The Freedom of Music: Making Change with the Rival Sons
One likes to believe in the freedom of music.Rush – Spirit of Radio.
In February 2013 I was taking my wife for a weekend away in Kingston, Ontario. In preparation, I checked what’s on for that week and noticed the Rival Sons playing at a local bar for a $20 cover. Unfortunately, they were playing Kingston mid-week, before we got there, and were playing in my part of the world on the weekend when we would be in Kingston. I didn’t end up seeing them, but I called a friend and told him to make sure he did. “One day, you’ll brag to people that you saw these guys in a bar for $20,” I told him. “They’re that good.”
I’ve been doing Freedom of Music for eight-and-a-half years now, first as This week on my iPod” in February 2008, then in it’s current formation as The Freedom of Music in September of that year. Always it was the same though, essays on music, with some reviews thrown in for good measure.
In 2011 I got sent an album to review. This was new. In three years writing about music, nobody in the business itself seemed to notice. But that summer I started to receive notices, this artist has that video you may want to share, that sort of thing. Occasionally I’d get a song to review. No soap, I said to myself. Send me an album, I give you your review, but I’m not reviewing a YouTube video or a song. Then I got the email I was looking for, a complete album for download. An album by a new band that I had never heard of, but sounded interesting. An album I would quickly love: The Rival SonsPressure & Time.
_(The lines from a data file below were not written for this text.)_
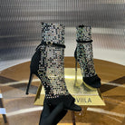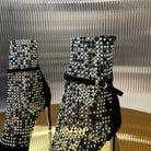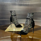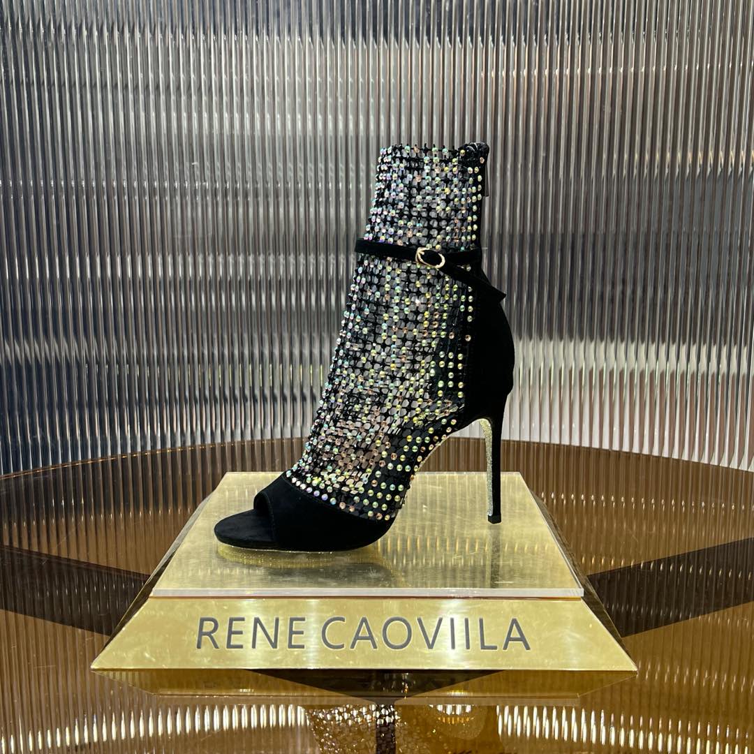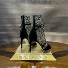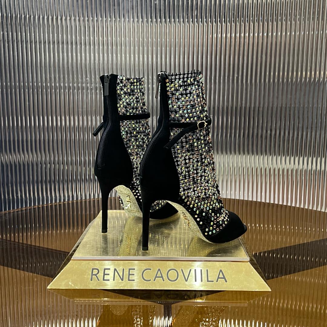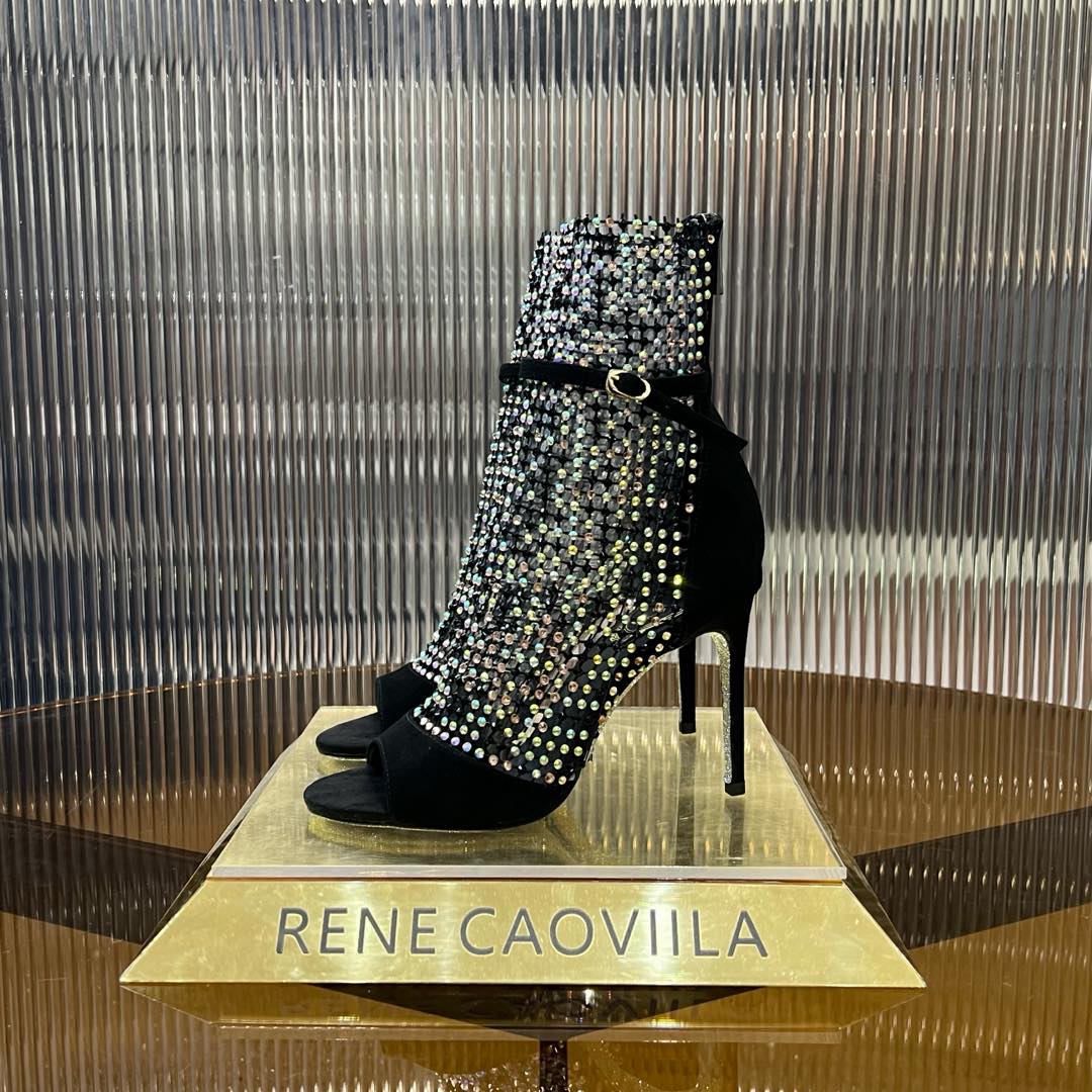 RC 25C High Heel Short Boots Mid-Tube Open-Toe Sandals Black Sheepskin 174961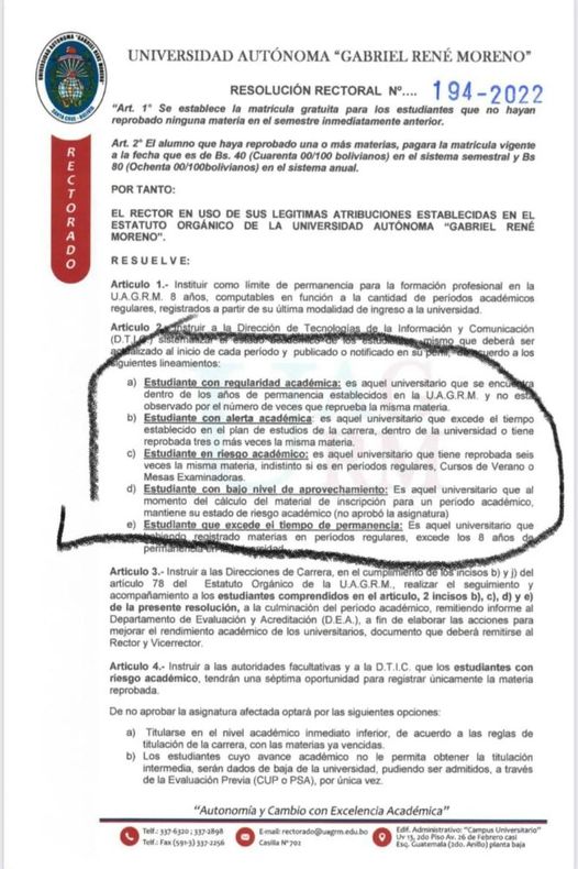 #SCZ: #UAGRM decreta 8 años como límite de permanencia estudiantil El Rector de la UAGRM, Vicente Cuellar, informó que el límite de permanencia del estudiante en la universidad será de 8 años. La resolución rectoral establece como riesgo de permanencia aplazarse seis veces en una materia.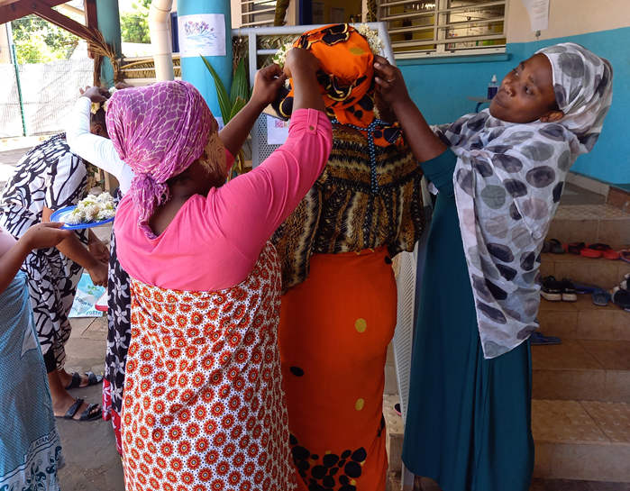 Partenaires incontournables, les parents d’élèves ont fait preuve de collaboration à l’égard de l’équipe. Ici, afin de marquer la journée, une enseignante (vue de dos) se fait embellir de fleurs de jasmin par des mamans dévouées à la cause des enfants.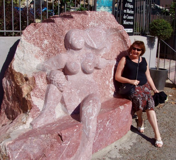 A few years ago we travelled by train from Spain to France (Montpellier). After a few days in Montpellier (a small city) we hired a car and travelled to Caunes-Minervois, a small village in Languedoc, France. It’s a quaint village and one of the unique features that attracts many people is all the pink marble – there’s even a quarry that’s open to the public now. There’s also a few galleries and a museum with a focus on artworks made from marble. You can’t miss the entrance to one gallery with the eye catching seat out the front! (photo below)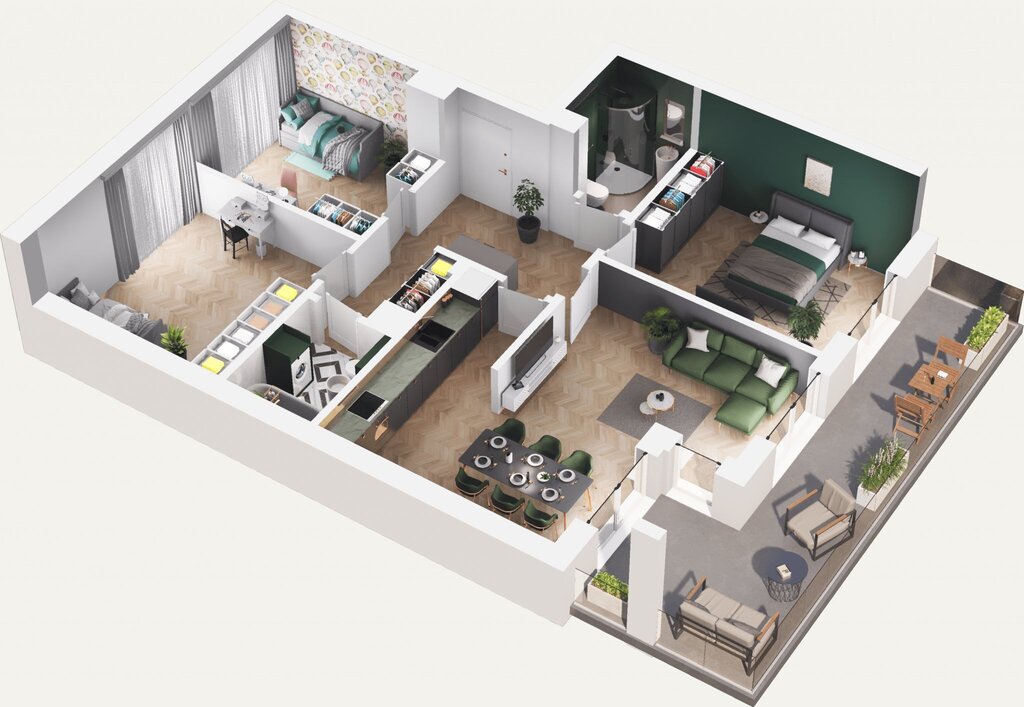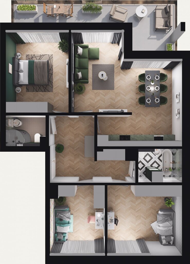 * Funkcjonalny układ: przestronny pokój dzienny z aneksem, 3 sypialnie, 2 łazienki — idealne do wygodnego życia rodzinnego lub home office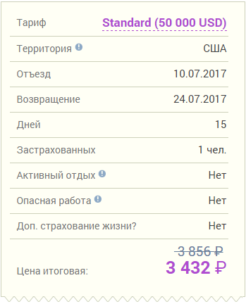 Для примера, вот стоимость страхового полиса в США для двоих человек на 14 дней (2 недели) без учета скидки и со скидкой 11%  по нашему промокоду SHEBOLDASIK: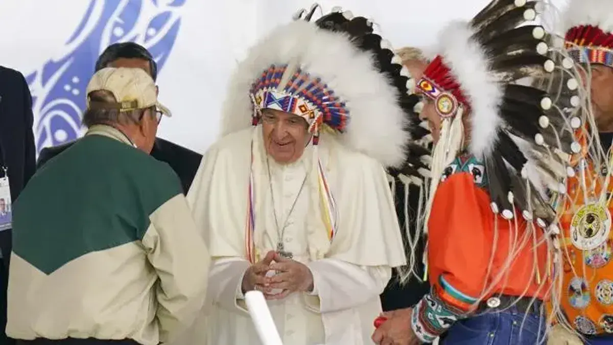 El pontífice viajó a Canadá tras la invitación de los pueblos originarios para que viniese a disculparse por los abusos perpetrados en los internados gestionados, muchos de ellos, por la Iglesia católica y donde cerca 150.000 niños fueron arrancados de sus familias, mientras que se ha estimado que más de 4.000 murieron por los maltratos y las enfermedades. La mayoría enterrados en fosas comunes sin ninguna identificación.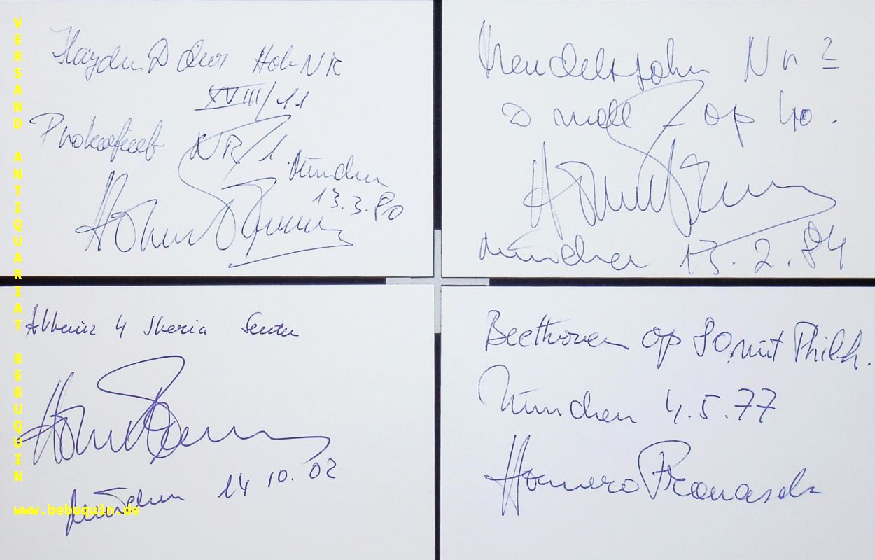 FRANCESCH, Homero (Pianist): 4 eigenhändig signierte und datierte Autogrammkarten. München (Philharmonie), 1977 – 2002. 8 x 12,5 cm. 4 Karteikarten. Homero Francesch (* 6. Dezember 1947 in Montevideo) ist ein uruguayisch-schweizerischer Pianist. (Wikipedia)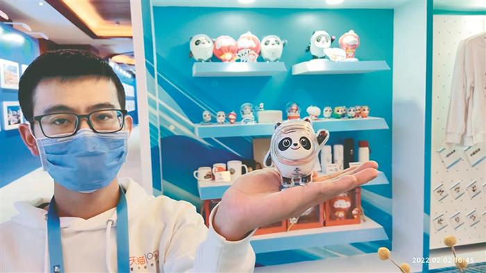 在新聞中心一樓中庭及走廊設(shè)有2022年冬奧會熱銷特許商品展區(qū),為媒體提供線上定制和購買特許商品服務(wù)。遺憾的是經(jīng)過1日一天的熱賣,幾乎所有“冰墩墩”玩偶都已告罄,可見媒體記者也敵擋不住超級可愛的冰墩墩的魅力。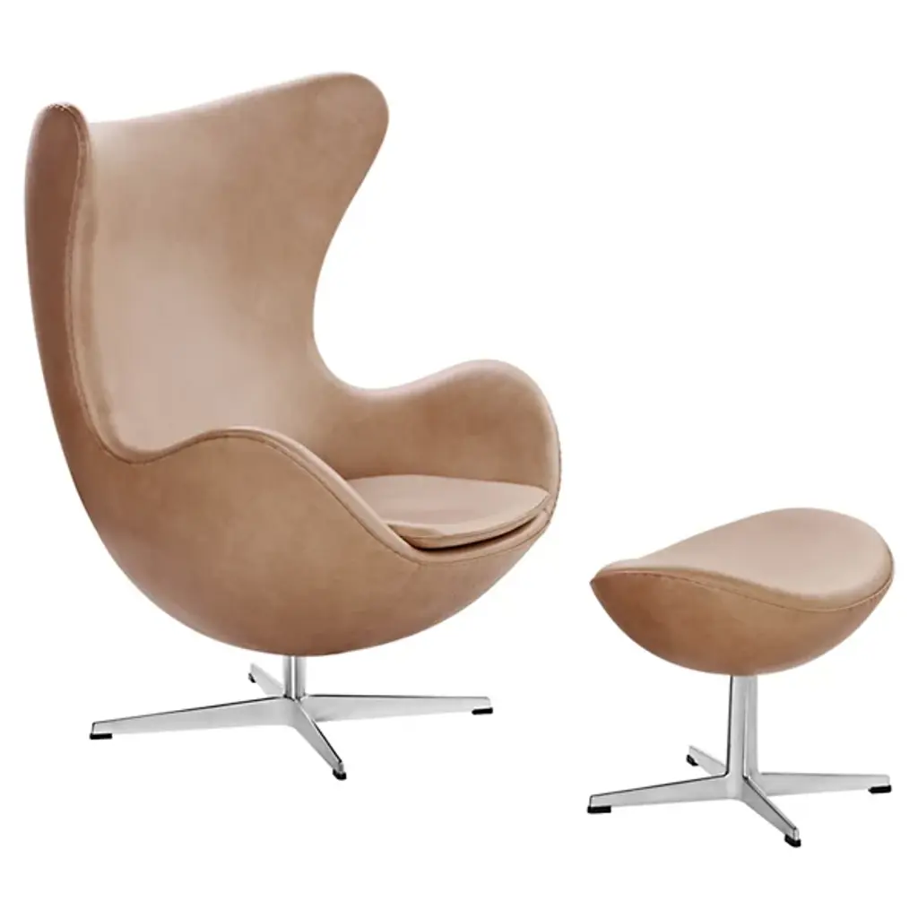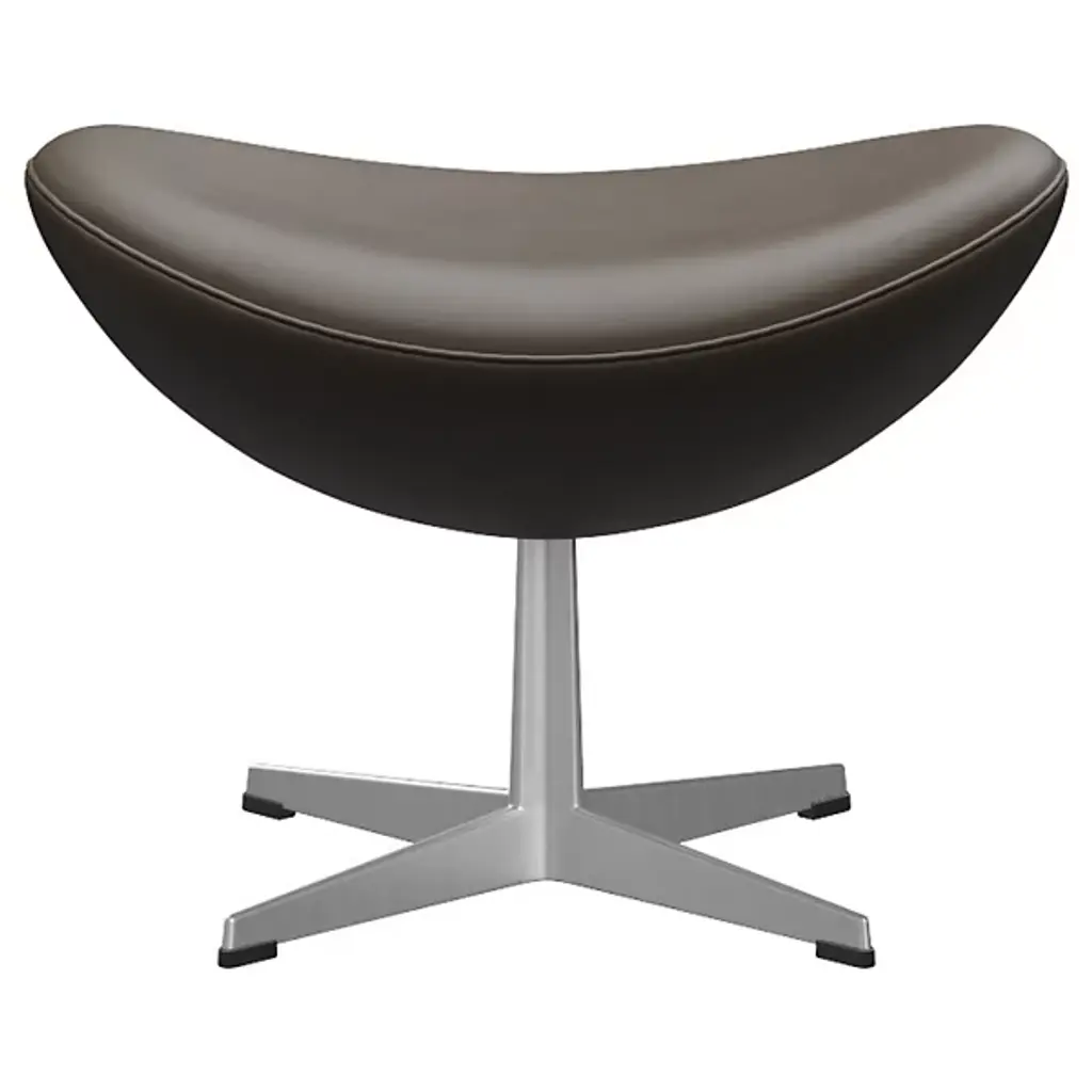 A curvaceous and comfortable complement to the Egg Chair. The Fritz Hansen Egg Chair Ottoman features the same star shaped steel base as the chair, with an upholstered top that has a gentle upward curve to match the chair and cradle your feet. Designed by Arne Jacobsen in 1958. Numerous fabric upholstery options available.

Since then I get more and better offers to review music, including A-list material. Recently I had pre-reviews of Elton John’s Goodbye Yellow Brick Road Deluxe Edition remaster, Kiss 40 and Bob Marley’s 40th anniversary re-release. That’s pretty significant music to be reviewed on my little blog.
This week a change came, a change that was a long time coming, but had it’s genesis in that first Rival Sons review. This blog was originally intended to be primarily political, with social commentary thrown in. But it was also meant to have some other aspects, music, the arts, poetry &tc. meshed in with the political commentary. As time as gone, politics and social commentary has gone out of At Home in Hespeler, the arts side increased, specifically music. It was, is, time to make the change to music/arts blog.
Sitting here three years later listening to Great Western Valkyrie, the latest, unbelievably good, Rival Sons album, I’m wondering what form these changes will take. Will I really have time for two or three album reviews a week, a book review, a Friday video post, Saturday Fluffernutter and this Sunday feature? Possibly not, but I do know, Freedom of Music is going nowhere. It will however, change. No more reviews, they will go in the main body of the blog on weekdays. The Freedom of Music will be saved for essays on music, and joined with another rarely done feature, Fluffernutter at the Movies (I might need new names for all this stuff), which will, I think, take the occasionally Sunday morning place of Freedom of Music.
Meanwhile, I’m off to Toronto for a day where I will almost certainly pick up Great Western Valkyrie,. It’s too good not to have on Vinyl and I can’t wait to hear songs like Electric Man, Good Things and Open My Eyes coming from my turntable instead of my earbuds. If you’re looking for some music to go with your Sunday morning coffee, may I recommend Rachael Ann Weiss, for whom I was sent three songs this week (not enough for a full review in my opinion, but enough to recommend you check her out) and thought she was great.